▸ GIVEN MATERIAL:

= = = =

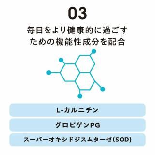 抗酸化酵素であるスーパーオキシドジスムターゼ(SOD)、健康的な身体づくりをサポートするL-カルニチン、健康的な口内環境の維持をサポートするグロビゲンPGを配合しています。
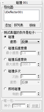 与一个或多个指定的导向板空间扭曲碰撞的粒子的碰撞测试。还可以测试在一次或多次碰撞后,粒子速度减慢还是加快,粒子是否已碰撞多次,甚至粒子是否在指定的帧数后将与某个导向板碰撞。
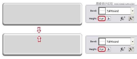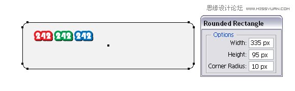 我们从创建基本的网页按钮形状开始。选择圆角矩形工具,在画板中任意位置点击一下打开圆角矩形窗口。填入如下图所示的数字以得到我们需要的形状。选择浅灰色作为填充颜色。
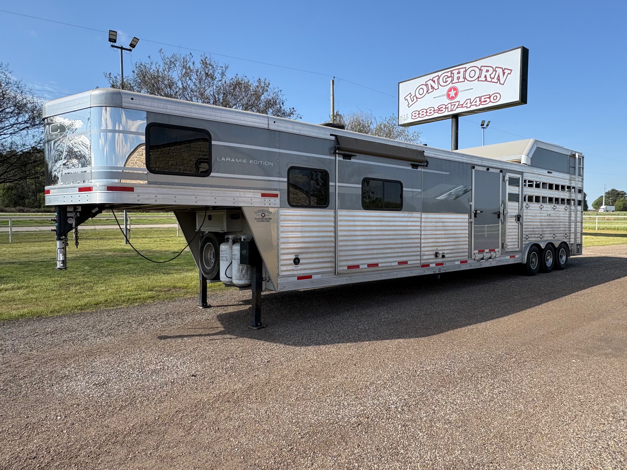 Longhorn Trailer Sales is a family-owned business. Conveniently located in the heart of Northeast Texas on I-30 in Mount Pleasant. We strive to continue growing by putting our customers first. Service and satisfaction is our main goal along with maintaining knowledge of the economics and continuous changes of the trailer business. With our constant growth, we are able to give you the best deals around.Longhorn Trailer Sales takes pride in selling top of the line new and used horse and livestock trailers. We carry a full selection of horse trailers with and without living quarters in a variety of sizes and floor plans. Check out the livestock trailers that we keep in stock with many different options.

= = = =

▸ WHAT THE EXERCISE ASKS: Write down exactly the lines running from the line with "我们从创建基本的网页按钮形状" through the end of the material, both ends included, and none of the pictures.

▸ COMPLETED EXERCISE:
 我们从创建基本的网页按钮形状开始。选择圆角矩形工具,在画板中任意位置点击一下打开圆角矩形窗口。填入如下图所示的数字以得到我们需要的形状。选择浅灰色作为填充颜色。
 Longhorn Trailer Sales is a family-owned business. Conveniently located in the heart of Northeast Texas on I-30 in Mount Pleasant. We strive to continue growing by putting our customers first. Service and satisfaction is our main goal along with maintaining knowledge of the economics and continuous changes of the trailer business. With our constant growth, we are able to give you the best deals around.Longhorn Trailer Sales takes pride in selling top of the line new and used horse and livestock trailers. We carry a full selection of horse trailers with and without living quarters in a variety of sizes and floor plans. Check out the livestock trailers that we keep in stock with many different options.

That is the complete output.